As the number of nasty comments grew and spread to other Web pages, Morrissey learned there were several ways he could make them disappear. He could persuade the Siews to remove them (which they wouldn’t). He could hire a reputation management firm to write favorable comments and take other steps to counter-act them. Or, he could sue.
While Yelp.com agreed to remove the comments after he filed the lawsuit in 2011, Google said it would only do so if Morrissey won. Even after he got a judgment against the brothers in October when they failed to respond to the lawsuit, Google refused to scrub the comments. It wasn’t until December, after Circuit Judge David Crow issued a permanent injunction, spelling out the offending comments and ordering the Siews to remove them, that Google acted.
Google’s stubborn refusal to do anything still angers Morrissey. “Each day these defamatory reviews appeared on the Internet my reputation is being damaged,” he said.
This month, after a two-day trial, a jury understood. Since Crow had already ruled that the brothers posted the defamatory comments, jurors were only asked to decide how much they should pay Morrissey for damaging his reputation. Neither of the brothers, who represented themselves, returned calls for comment.
Morrissey said he will head back to court to ask that the Siews also be forced to cover the roughly $4,500 he spent on court costs and more than $100,000 it cost him to represent himself.
Lidsky, the UF law professor, said she can sympathize with Morrissey. She recently tried to help a friend get a “nanny cam” video removed from the Internet and got a taste of how complicated and frustrating it can be.
Because courts throughout the country have taken different views of Internet defamation, she said the U.S. Supreme Court may eventually weigh in. Further, she said, Congress may change the rules, eliminating protections for Web sites that encourage the posting of “nastygrams” or obscene photos — known as “revenge porn” — by jilted lovers. Unfortunately, she said, such a change could have a chilling effect on speech that should be protected.

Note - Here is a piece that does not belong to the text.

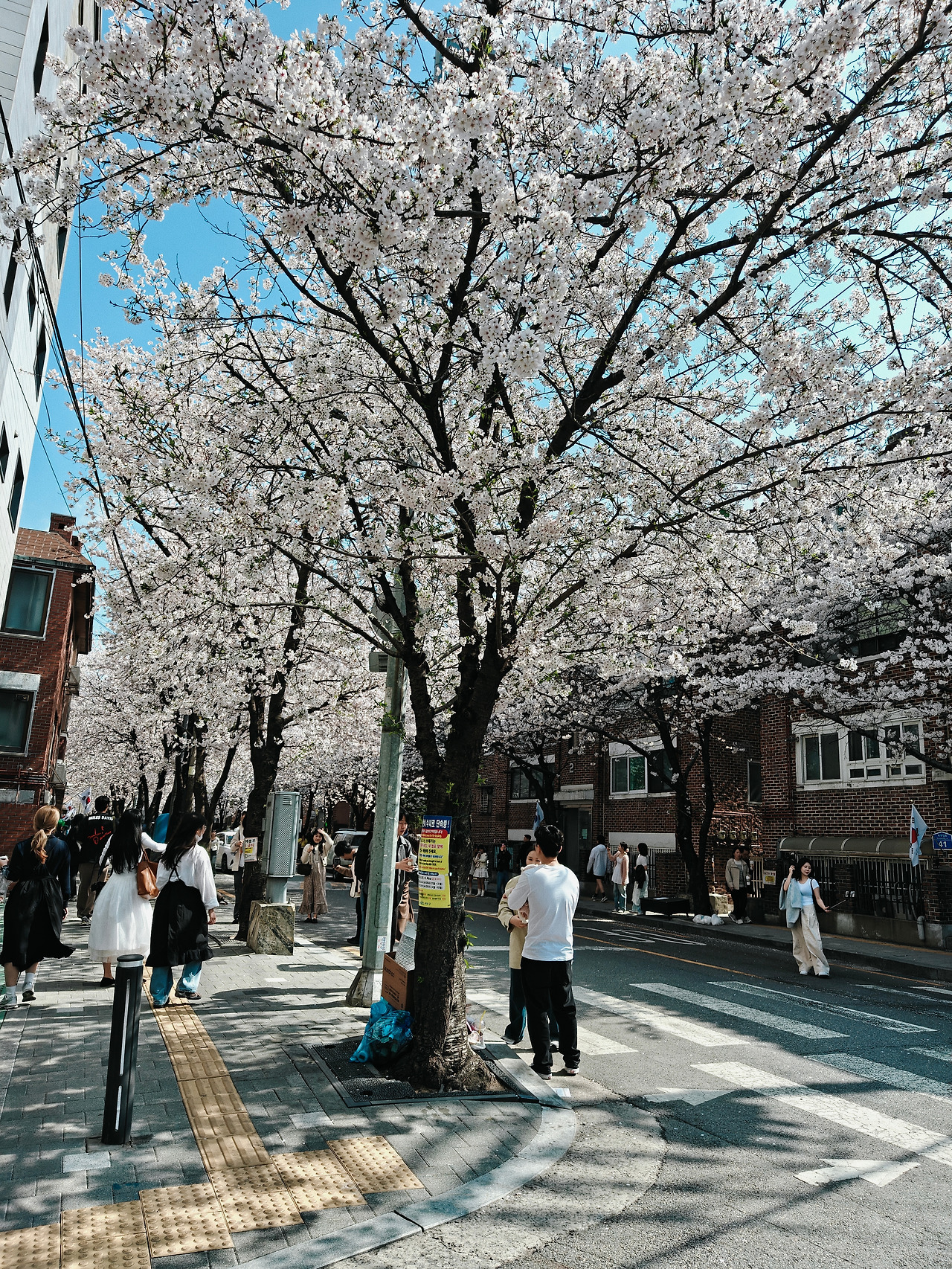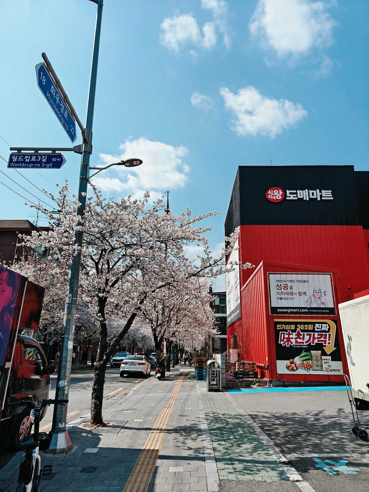 합정역 5,6번출구로 나와서 서교동 벚꽃길에서 시작한다.

Noting the difficulty of sorting out the various competing free speech issues, Lidsky wonders if people will eventually learn to tolerate Internet slams. Just as young people are less likely to worry about privacy violations on the Internet, she suggested that they may be less concerned about ugly comments.
“The younger generation is going to be used to living their lives in the public spotlight,” she said. “Maybe the answer is that you’re going to have to live with a certain amount of content you don’t like. You have to learn to take the bitter with the sweet.”
First Amendment attorney Thomas Julin, former chairman of the Florida Bar committee on media and communications, said given the difficulty, cost and uncertainty of litigation, many people are turning to reputation management companies to combat online smears. But such companies aren’t cheap. A do-it-yourself approach is often easier.
“You need to create your own image,” he said. “It’s very difficult to remove negative comments but you can drown them out.”